Scan Performance and Detection Enhancements
------------------------------------------- Real-Time Scan maintains a persistent scan cache which reloads each
time the OfficeScan agent starts. The OfficeScan agent tracks any
changes to files or folders that occurred since the OfficeScan
agent unloaded and removes these files from the cache.
- This version of OfficeScan includes global Approved lists for
Windows system files, digitally signed files from reputable
sources, and Trend Micro-tested files. After verifying that a file
is known to be safe, OfficeScan does not perform any action on the
file.
- Damage Cleanup Services enhancements provide improved detection
capabilities for rootkit threats and a reduced number of false
positives through updated GeneriClean scanning.
- Compressed file settings are separated between Real-time and
On-demand Scans to help improve performance.
- Dual-layer logs provide a more detailed view for detections that
administrators want to examine further.
OfficeScan Agent Interface Redesign
----------------------------------The OfficeScan agent interface has been redesigned to provide an
easier, more streamlined, and more modern experience.
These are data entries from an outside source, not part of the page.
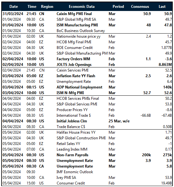 Earlier this week USD/CAD tested a 4-month high, nudging at the barrier of $1.3600, driven by an overwhelmingly robust US economic data, namely strong US manufacturing PMI data, while Canadian indicators continue to lag. As, the US ISM Manufacturing index exceeded 50 in March for the first time since October 2022, domestically, Canada’s S&P Manufacturing PMI remained relatively stable in March, marking the eleventh consecutive month of contraction in sector activity.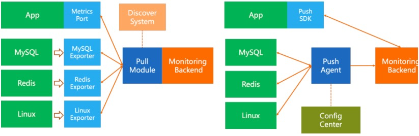 | 部署方式 | 1. 应用暴露端口,接入服务发现,原生支持Pull协议; 2. 其他系统例如主机、MySQL、NGINX等中间件依赖适配器(也成为Exporter)去抓取指标再提供Pull端口  |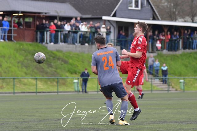 Fussball, Rheinlandliga, SG Malberg (rot) vs. SG HWW Niederrossbach (grau), 22.04.2023 | ||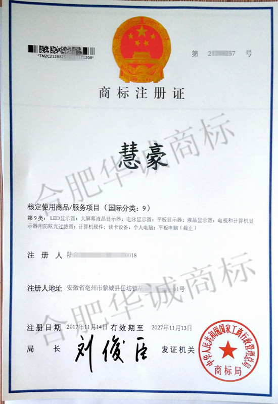 您委托我所代理商标注册申请,名称为“慧豪” 9类商标注册证已下达。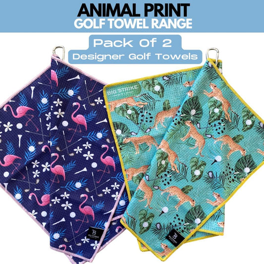 Microfiber Waffle Pattern Golf Towel Set - Super Absorbent Animal Print Golf Towels - 2 Pack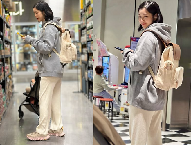최근 나혜미는 그레이 맨투맨과 크림색 팬츠로 깔끔하고 편안한 룩을 연출보여줬습니다. 그녀는 넉넉한 사이즈의 베이지 백팩을 매치해 편안한 느낌을 더하며, 신발은 운동화를 착용해 실용성을 강조했죠. 아이를 키우는 엄마의 모습이 드러난 룩이었습니다.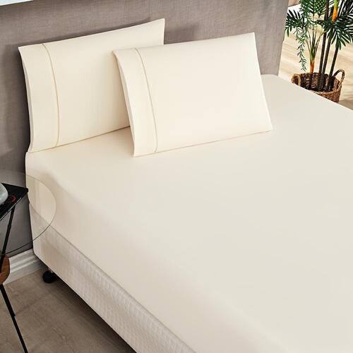 Jogo De Lençol Milano Casal King 3 Peças Percal 180 Fios Ponto Palito Classic - Palha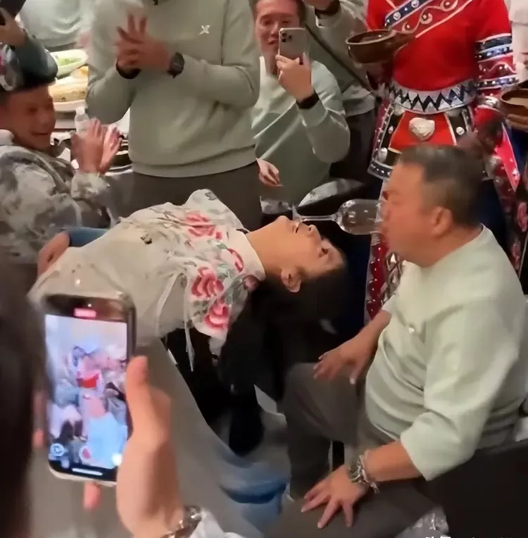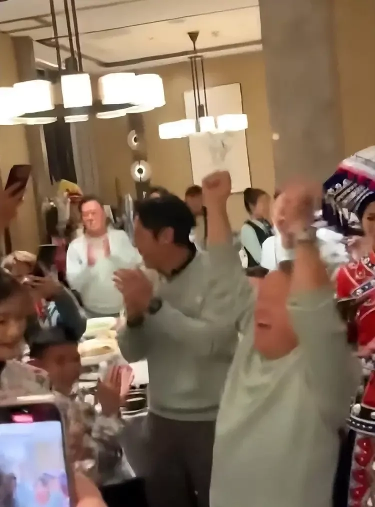 旁边明星也是欢呼鼓掌看热闹不嫌事大,还站着一堆穿着少数民族服饰的美女,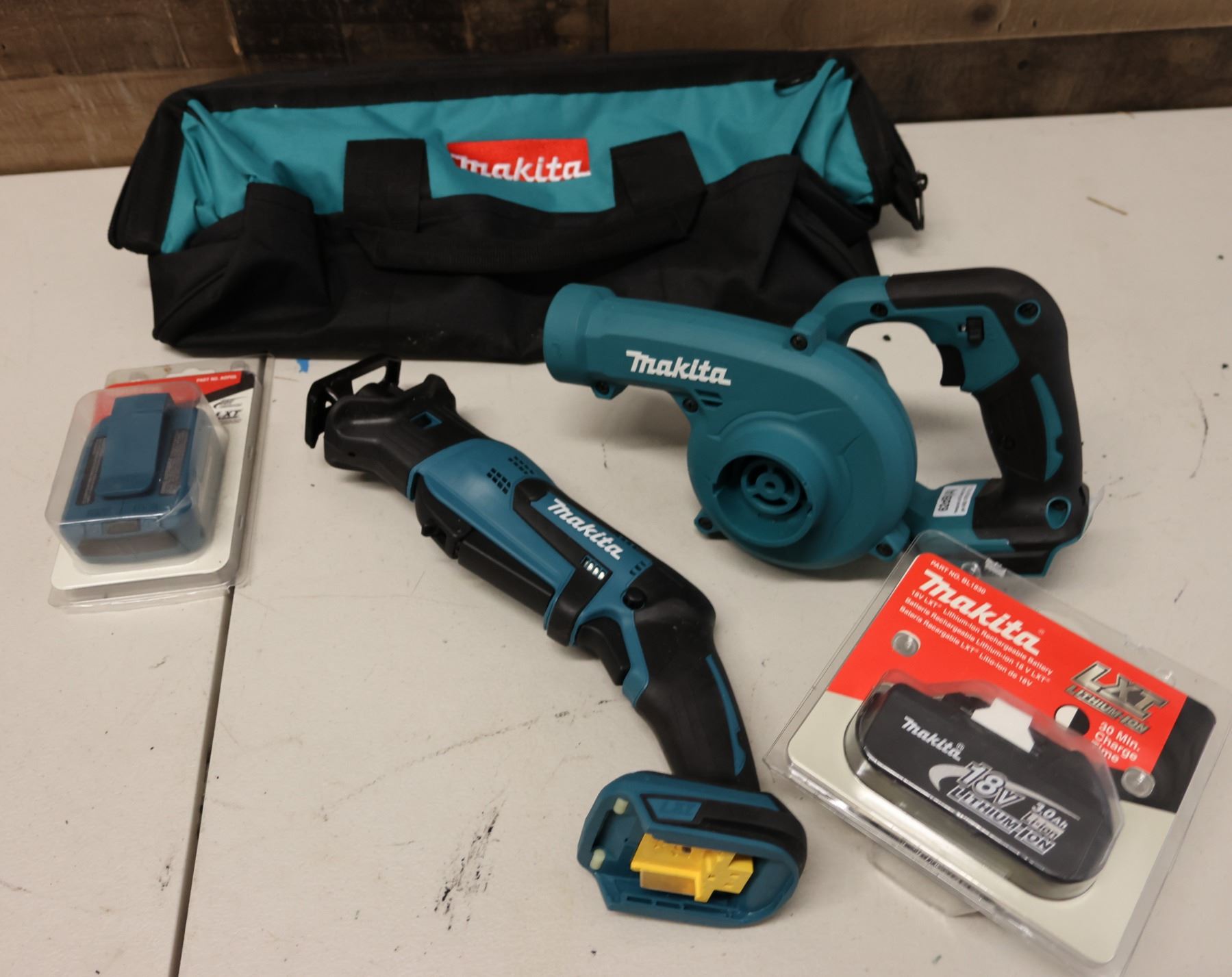 Qty 2 Makita Power Tools, Battery, Case & Power Source: XBU05 Blower Base & XRJ01 Reciprocating Saw

All the
features available in the previous OfficeScan client program are
still available in the updated version.
The updated interface also allows administrators to "unlock"
administrative functions directly from the OfficeScan agent console
in order to quickly troubleshoot issues without opening the web
console.

3. Document Set
========================================================================
The document set for the OfficeScan agent includes:
* Readme file - Contains a list of known issues and basic
installation steps. It may also contain late-breaking product
information not found in the Help or printed documentation.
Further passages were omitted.